Big data has been the subject of a lot of hype lately. But that doesn’t mean it’s a fad; this movement is certainly here to stay. It is essentially the business of how we deal with the volume, variety, and velocity of data that is continuously accumulating around us. The idea is that we can learn quite a bit more about ourselves (both as consumers and enterprises) by sifting through all of the data that surrounds us. We’re now entering the formative years of Big Data being the fifth technology wave (mainframes, PCs, Internet, and social media being the previous four). And just as with every wave before it, your business is going to have to figure out the fundamental opportunities and challenges before you can make Big Data work for you:
Hadoop – Hadoop is the de-facto open source distribution of tools for supporting Big Data. It has become the driving force of how we ingest, manipulate, and consume Big Data differently. Hadoop tools represent a cheaper alternative for crunching massive quantities of information. While there are plenty of Hadoop choices (e.g. MapR and Hortonworks); CloudEra is belle of the Hadoop ball. The biggest challenge still remains its overall accessibility to mere mortals; it is very clear that MapReduce programming is still not for the feint of heart.

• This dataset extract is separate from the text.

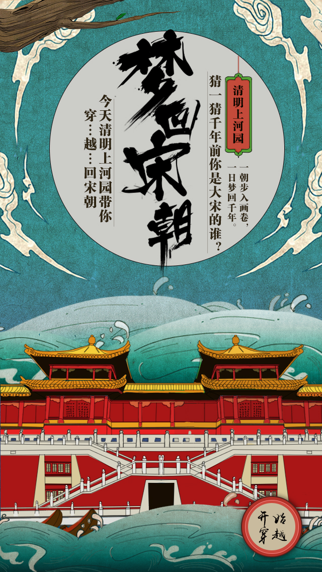 進入《夢回宋朝》H5頁面,伴隨著靜謐古典的音樂聲響起,你將進入了一個“魔性”的穿越場景,同時手機屏幕則會彈出“猜猜千年前你是大宋的誰?”、“今天清明上河園帶你穿越回宋朝”首頁字幕。

The Skills Gaps – Powerful tools like Hadoop (and emerging NoSQL databases) are the playthings of data scientists. Unfortunately, there just aren’t enough high quality data scientists to fill all the open positions for the next decade. The scarce yet valuable skills that a data scientist brings includes:
- Ingesting data in all shapes and sizes
- Imputing data when there is an incomplete picture
- Joining data where there are few obvious relationships
- Analyzing data through statistical and algorithmic techniques
- Conveying data to offer better insights to human and/or machine decision-making
- Visualizing data so that there’s a story that others may understand.
The challenge is that these skillsets will require re-training and re-tooling today’s information workers. The Big Data wave will succeed (or not) by how democratized these skills become. Incidentally, I affectionately refer to the non-PhDs that are acquiring these skills as data artisans.
Tools vs. Solutions – To date, the companies that deliver tools for data scientists have rightfully claimed primacy in the Big Data space. This is to be expected considering how early we are in this next wave. At the same time, it’s reassuring to hear folks like CloudEra VP of product Charles Zedlewski affirm that solutions need to be built above the Big Data infrastructure layer. A variety of companies are focused on next-gen Big Data solutions, including Datameer, Karmasphere, Platfora, and Alteryx (my own company).
I had a chance to attend the Accel Big Data Conference a few weeks back. It was impressive to see 500+ folks in attendance, all packed into the Stanford Alumni Center to hear what we were all up to in this burgeoning community. Accel and Ping Li (@ping_accel) in particular, deserve major kudos for putting together such a galvanizing event. Ultimately, it is the responsibility of this emerging community to humanize Big Data: to make it more accessible, to make it more usable, to make it more experiential. You can bet this community will bring Big Data into a majority of businesses over the coming years.